Measurement report: Simultaneous measurement on gas- and particle-phase water-soluble organics in Shanghai: Enhanced light absorption of transported Asian dust

To better understand the physicochemical evolution of Asian dust particles during long-range transport, water-soluble organic compounds (WSOCs) in gas- (WSOC_g) and particle-phase (WSOC_p) in the spring atmosphere of Shanghai during the 2023 dust storm period (DS) and haze events (HE) were simultaneously measured with a 3 h time resolution, and characterized for their optical properties and size distribution. Our results showed that gas-to-particle-phase partitioning coefficients (F_p) of WSOCs in DS (0.30 ± 0.06) was comparable to that in HE (0.32 ± 0.06), although both temperature and relative humidity in DS were not favorable for the partitioning, indicating a promoting role of dust particles in the transformation process of WSOC_g from gas to particle phase.
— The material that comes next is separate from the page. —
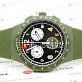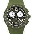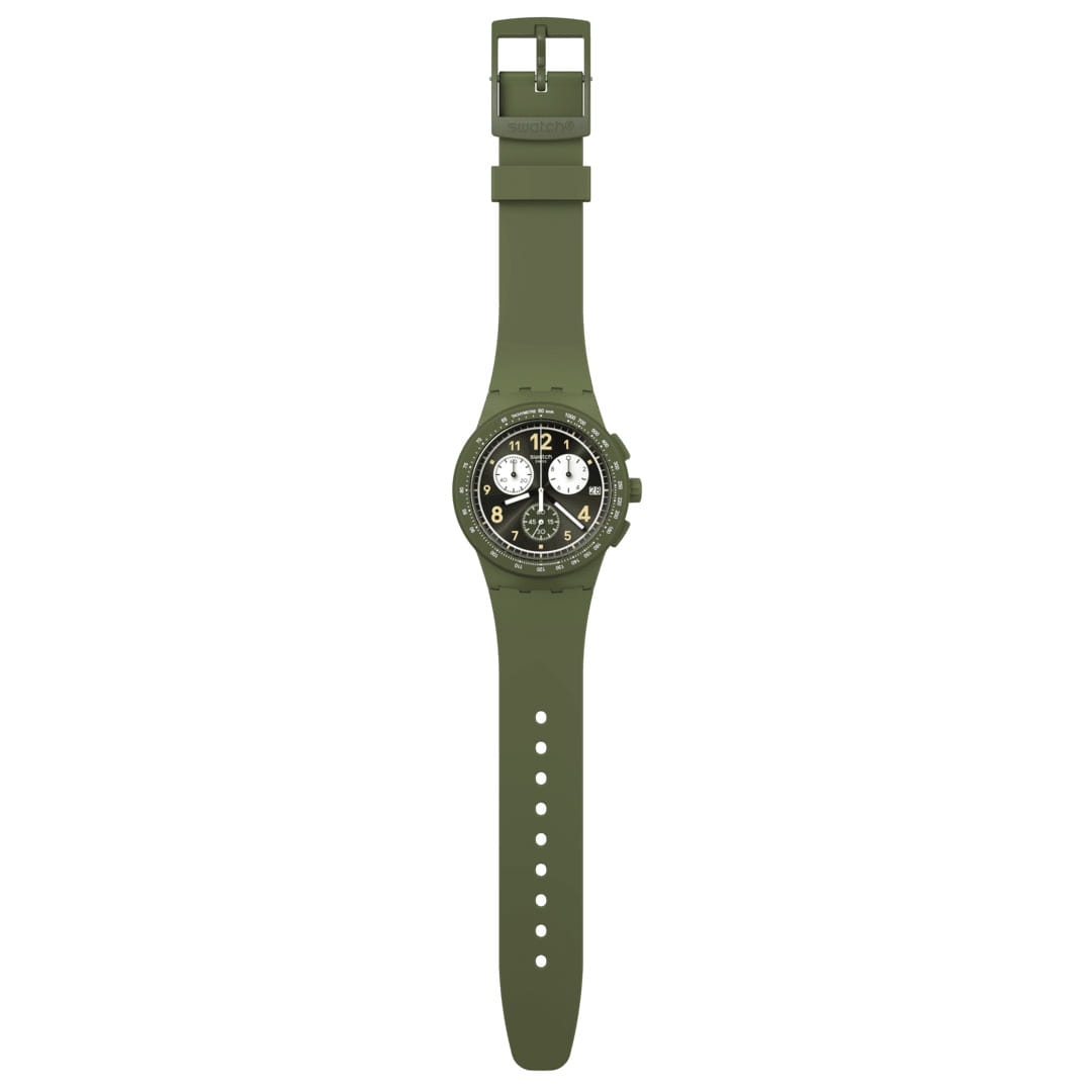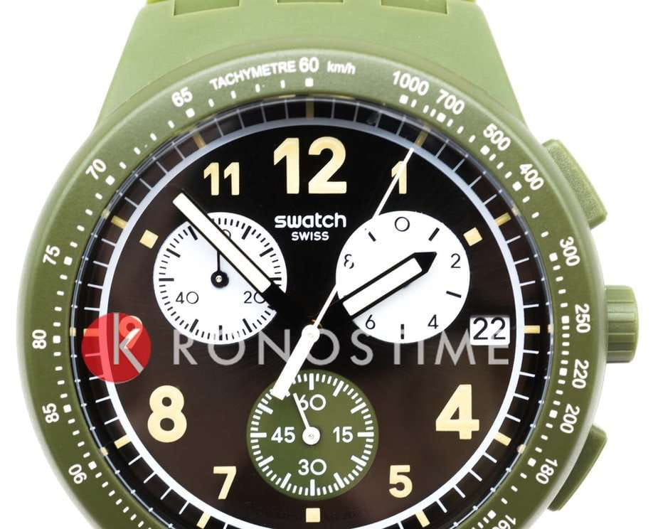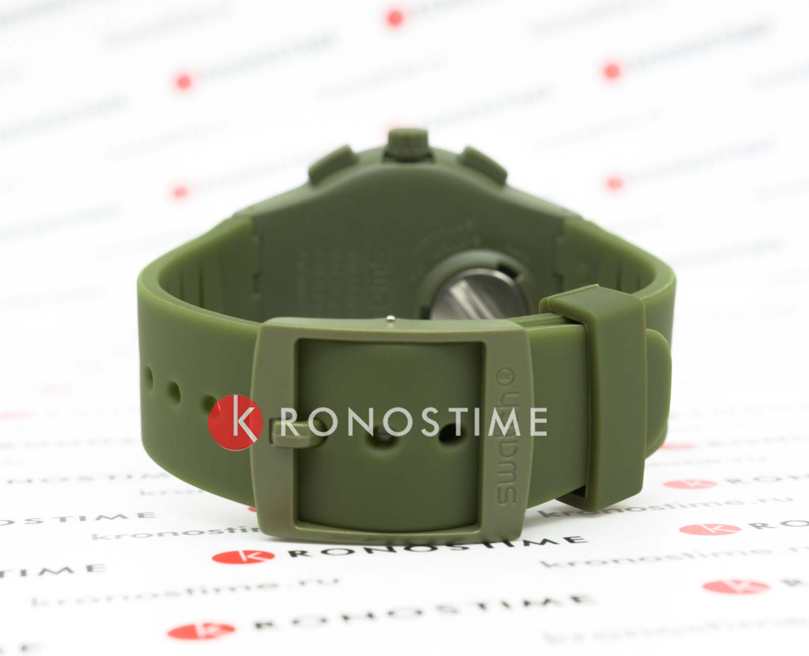 Часы Swatch SUSG406 — это стильный и современный аксессуар для тех, кто ценит лёгкость и комфорт. Часы идеально подойдут как для мужчин, так и для женщин. Этот хронографХронографФункция позволяет измерять отрезки времени с особой точностью: часы, минуты, секунды. Верным признаком хронографа является наличие на циферблате 3 дополнительных окошек-счётчиков. темно-зеленой расцветки хаки имеет черно-зеленый циферблат с радиальной полировкой, часовую и минутную стрелки черного цвета с люминесцентным покрытиемЛюминесцентное покрытиеПозволяет считывать показания времени в темноте. Производители наносят на стрелки, часовые индексы, безель или поверхность циферблата светонакопительный состав, дающий холодное свечение., светящиеся в темноте, белую секундную стрелку и окошко календаря на уровне 3-часовой отметки. На фоне матового корпуса и такого же ремешка с тренчиком и пряжкой в тон рельефно выделяется зеленый безельБезельВнешний ободок, закрепляющий стекло. В спортивных часах так называется поворотное кольцо с делениями на циферблате, выполняет роль таймера – замеряет отрезки времени на шкале. Неподвижный безель – элемент декора. Однонаправленно вращающийся безель на дайверских часах позволяет фиксировать моменты погружения и выныривания на поверхность. с белым принтом. Водозащита 30 метров делает часы практичными для повседневного использования. Эти часы подойдут для повседневного ношения и станут ярким акцентом в вашем наряде.

F_p variation was largely driven by aerosol liquid water content in HE but by aerosol acidity in DS. WSOC_p and its light absorption at λ365nm dominated at the fine mode (< 2.1 μm) in non-DS period and the coarse mode (> 2.1 μm) in DS, respectively. Mass absorption coefficient (MAC) of the coarse mode of WSOC_p at λ365nm in DS was 0.8 m² g^-1, which is four times that (0.20 ± 0.09 m² g^-1) in the source region of Tengger Desert, suggesting a remarkably increase in light absorbing ability of Asian dust during long-range transport. Sharp co-increases of nitroaromatics, imidazoles, and water-soluble organic nitrogen at the coarse mode in the DS period further revealed that such an increasing MAC is mainly caused by adsorption and heterogeneous formation of light absorbing nitrogen-containing organics on the dust surface during long-range transport.